Terkait Pungutan SP3, Pengusaha Nilai Pemkab Manggarai Tidak Taat Aturan

Ruteng, Floresa.co – Pemberlakuan Peraturan bupati (Perbup) dan Peraturan daerah (Perda) terkait pungutan Sumbangan Pihak Ketiga (SP3) kepada pengusaha dagang antar pulau oleh pemerintah kabupaten (Pemkab) Manggarai, Flores, Nusa Tenggara Timur (NTT) dinilai tidak taat aturan perundang-undangan yang berlaku.

Sebelumnya, Maksimus Man, Kepala Bagian Ekonomi Setda Manggarai mengatakan, terdapat 10 pengusaha dagang antar pulau yang sudah menandatangani berita acara kesepakatan pungutan SP3 di tahun 2011 lalu.

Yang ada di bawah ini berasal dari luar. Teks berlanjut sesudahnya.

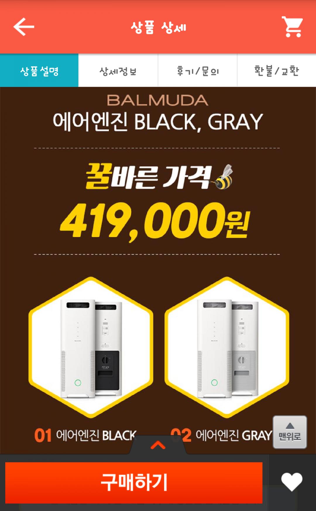 [티몬] 슈퍼꿀딜) 발뮤다에어엔진, 올곧은 물티슈 (419,000&15,400/무료) > 국내핫딜
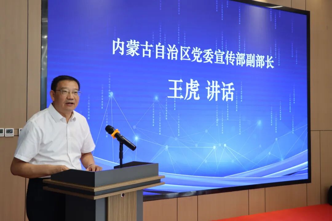 受内蒙古自治区党委常委、宣传部部长包献华委托,王虎讲话,他指出内蒙古与上海虽相隔千里,但长江与黄河的文明脉络、两地的合作情谊早已跨越地理阻隔。此次“江河对话”既是两地社科界贯彻落实习近平总书记关于哲学社会科学重要论述的具体实践,也是深化区域合作、以社科智慧服务内蒙古两件大事的使命担当。

BACA Juga: Sejak 2011, Pemda Manggarai Pungut Sumbangan ke Pedagang Komoditi

Kesepakatan tersebut, kata Maksimus, sudah dituang dalam Peraturan Bupati Manggarai Nomor 9 Tahun 2011 tentang Kesepakatan bersama penetapan besaran sumbangan pihak ketiga atas pengumpulan dan/atau pengeluaran hasil pertanian, perkebunan, peternakan, perikanan, hasil laut, kehutanan, dan hasil perindustrian.

Meldyanti Hagur, pemilik Toko Monas mengaku, pihaknya sudah berkali-kali menyampaikan agar SP3 dihapuskan, namun hingga kini tidak digubris oleh Pemkab Manggarai.

Meldyanti menjelaskan, Pemkab Manggarai tidak mematuhi Surat Edaran Kementrian dalam negeri Nomor 188/2010 tentang Penataan Peraturan Daerah tentang Pajak dan Retribusi Daerah.

“Pada poin ketiga disebutkan bahwa Perda tentang SP3 supaya dicabut agar tidak membuat ekonomi biaya tinggi dan menghambat peningkatan iklim investasi di daerah,” jelasnya kepada Floresa.co, Kamis (2/10/2015).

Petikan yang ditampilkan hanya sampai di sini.